ABOUT THIS EXERCISE: Restate, exactly as written, the entries below from the line that holds "Penryn Quarry is" through the line that holds "Moiled Cow |". Pictures are not part of the copy.

[DATA FOR PROCESSING Boundary: Start]

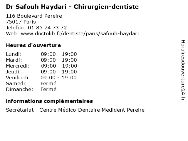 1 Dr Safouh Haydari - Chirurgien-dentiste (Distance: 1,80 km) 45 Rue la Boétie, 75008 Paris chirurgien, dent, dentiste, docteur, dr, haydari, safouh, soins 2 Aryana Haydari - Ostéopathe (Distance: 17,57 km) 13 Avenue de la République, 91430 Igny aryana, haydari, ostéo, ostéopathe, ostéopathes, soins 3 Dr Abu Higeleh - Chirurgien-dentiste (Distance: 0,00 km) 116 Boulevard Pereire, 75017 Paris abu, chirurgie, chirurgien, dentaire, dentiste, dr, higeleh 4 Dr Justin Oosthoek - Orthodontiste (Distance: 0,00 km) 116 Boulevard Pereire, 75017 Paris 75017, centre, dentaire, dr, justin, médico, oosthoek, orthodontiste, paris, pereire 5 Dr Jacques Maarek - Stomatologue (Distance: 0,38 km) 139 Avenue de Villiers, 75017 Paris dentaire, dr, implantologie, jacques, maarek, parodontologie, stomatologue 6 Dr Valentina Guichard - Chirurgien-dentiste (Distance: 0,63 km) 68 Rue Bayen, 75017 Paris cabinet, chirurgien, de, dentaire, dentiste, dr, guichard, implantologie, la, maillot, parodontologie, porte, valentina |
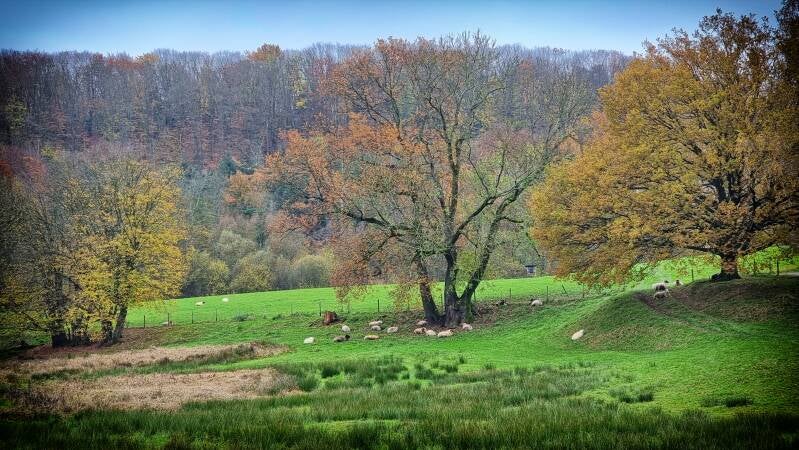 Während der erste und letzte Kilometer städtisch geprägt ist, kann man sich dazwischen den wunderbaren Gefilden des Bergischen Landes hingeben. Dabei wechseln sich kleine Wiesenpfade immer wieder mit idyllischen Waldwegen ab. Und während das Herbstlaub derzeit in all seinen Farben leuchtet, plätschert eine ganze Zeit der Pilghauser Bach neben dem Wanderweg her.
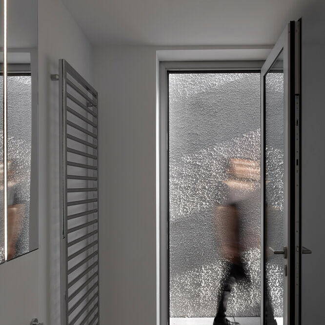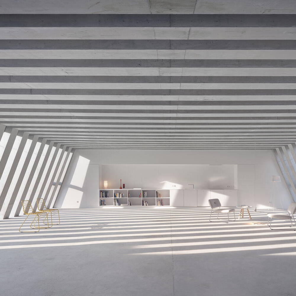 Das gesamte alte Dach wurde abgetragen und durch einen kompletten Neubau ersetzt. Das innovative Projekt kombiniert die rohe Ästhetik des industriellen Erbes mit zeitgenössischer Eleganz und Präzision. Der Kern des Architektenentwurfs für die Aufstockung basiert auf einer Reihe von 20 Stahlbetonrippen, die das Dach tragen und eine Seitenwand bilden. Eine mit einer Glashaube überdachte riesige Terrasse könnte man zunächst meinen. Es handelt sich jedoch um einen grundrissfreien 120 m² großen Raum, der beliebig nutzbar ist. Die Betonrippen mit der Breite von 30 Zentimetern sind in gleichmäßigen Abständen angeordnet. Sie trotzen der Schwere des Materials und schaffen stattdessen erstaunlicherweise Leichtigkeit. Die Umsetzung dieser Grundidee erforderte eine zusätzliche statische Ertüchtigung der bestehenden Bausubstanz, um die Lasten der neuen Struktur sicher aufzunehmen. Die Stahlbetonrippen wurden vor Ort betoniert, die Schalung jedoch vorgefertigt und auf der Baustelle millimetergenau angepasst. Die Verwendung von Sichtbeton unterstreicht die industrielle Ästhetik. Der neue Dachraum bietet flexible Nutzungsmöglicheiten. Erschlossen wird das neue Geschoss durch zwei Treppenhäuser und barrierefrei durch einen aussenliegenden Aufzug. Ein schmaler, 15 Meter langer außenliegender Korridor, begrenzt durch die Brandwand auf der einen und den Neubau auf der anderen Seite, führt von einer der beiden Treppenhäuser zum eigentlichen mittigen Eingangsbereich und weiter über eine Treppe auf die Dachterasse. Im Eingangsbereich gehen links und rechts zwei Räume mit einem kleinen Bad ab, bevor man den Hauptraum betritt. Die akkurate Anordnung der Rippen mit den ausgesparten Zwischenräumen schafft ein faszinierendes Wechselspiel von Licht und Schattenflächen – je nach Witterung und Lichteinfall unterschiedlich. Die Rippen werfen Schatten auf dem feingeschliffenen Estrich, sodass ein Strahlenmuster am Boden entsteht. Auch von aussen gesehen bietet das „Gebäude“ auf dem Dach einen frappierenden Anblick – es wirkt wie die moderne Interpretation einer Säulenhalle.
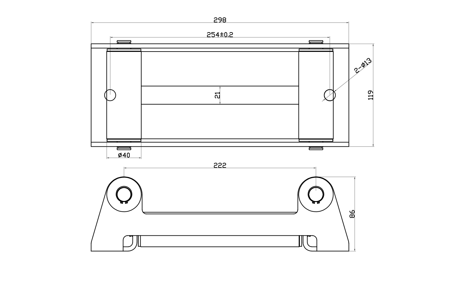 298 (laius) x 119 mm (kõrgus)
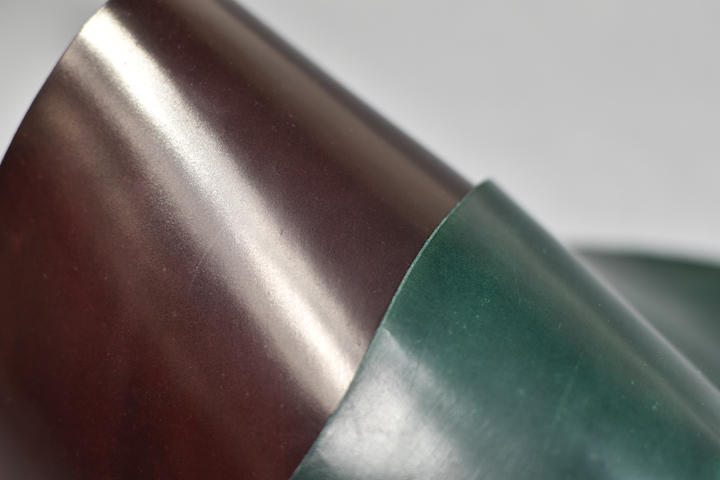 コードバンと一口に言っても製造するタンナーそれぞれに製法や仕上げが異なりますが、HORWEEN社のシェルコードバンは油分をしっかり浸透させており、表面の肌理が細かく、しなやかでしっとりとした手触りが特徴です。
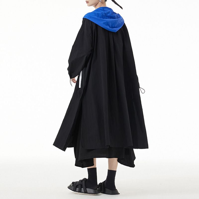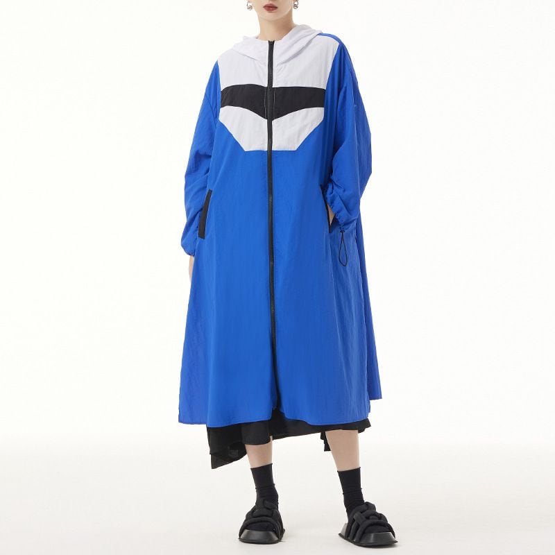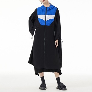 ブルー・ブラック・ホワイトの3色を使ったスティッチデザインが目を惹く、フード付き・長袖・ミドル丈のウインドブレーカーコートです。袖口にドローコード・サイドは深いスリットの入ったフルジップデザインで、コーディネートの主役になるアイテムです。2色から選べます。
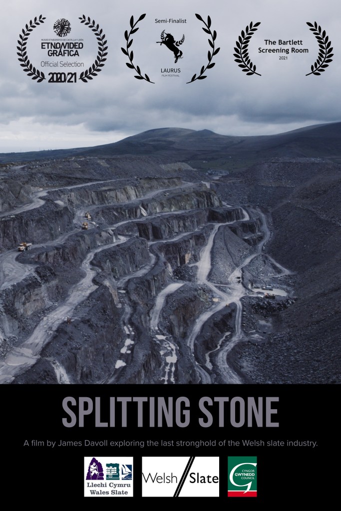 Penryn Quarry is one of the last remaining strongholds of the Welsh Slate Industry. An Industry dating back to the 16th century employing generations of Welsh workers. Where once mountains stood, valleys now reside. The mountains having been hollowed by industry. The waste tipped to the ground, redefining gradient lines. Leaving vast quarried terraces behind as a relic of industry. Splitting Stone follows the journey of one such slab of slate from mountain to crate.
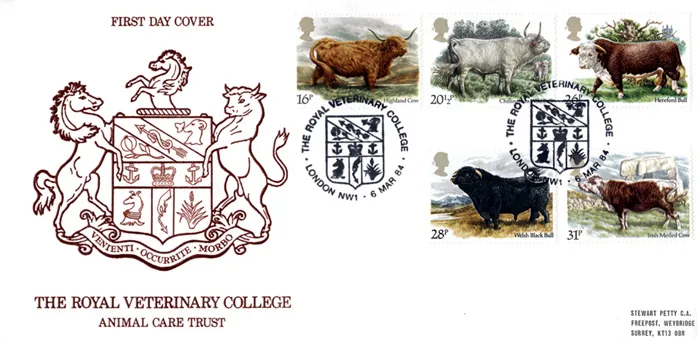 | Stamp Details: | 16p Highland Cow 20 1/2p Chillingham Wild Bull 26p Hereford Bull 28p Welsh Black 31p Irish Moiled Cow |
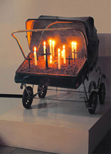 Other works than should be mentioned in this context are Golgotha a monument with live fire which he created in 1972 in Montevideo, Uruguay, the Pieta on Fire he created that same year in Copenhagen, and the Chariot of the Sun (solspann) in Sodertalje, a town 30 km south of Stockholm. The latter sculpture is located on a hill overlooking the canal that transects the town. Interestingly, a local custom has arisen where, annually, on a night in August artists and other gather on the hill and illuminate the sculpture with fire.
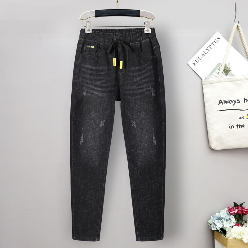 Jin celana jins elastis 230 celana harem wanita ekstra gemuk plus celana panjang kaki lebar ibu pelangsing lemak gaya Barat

[DATA FOR PROCESSING Boundary: End]

EXERCISE RESULT:
 Penryn Quarry is one of the last remaining strongholds of the Welsh Slate Industry. An Industry dating back to the 16th century employing generations of Welsh workers. Where once mountains stood, valleys now reside. The mountains having been hollowed by industry. The waste tipped to the ground, redefining gradient lines. Leaving vast quarried terraces behind as a relic of industry. Splitting Stone follows the journey of one such slab of slate from mountain to crate.
 | Stamp Details: | 16p Highland Cow 20 1/2p Chillingham Wild Bull 26p Hereford Bull 28p Welsh Black 31p Irish Moiled Cow |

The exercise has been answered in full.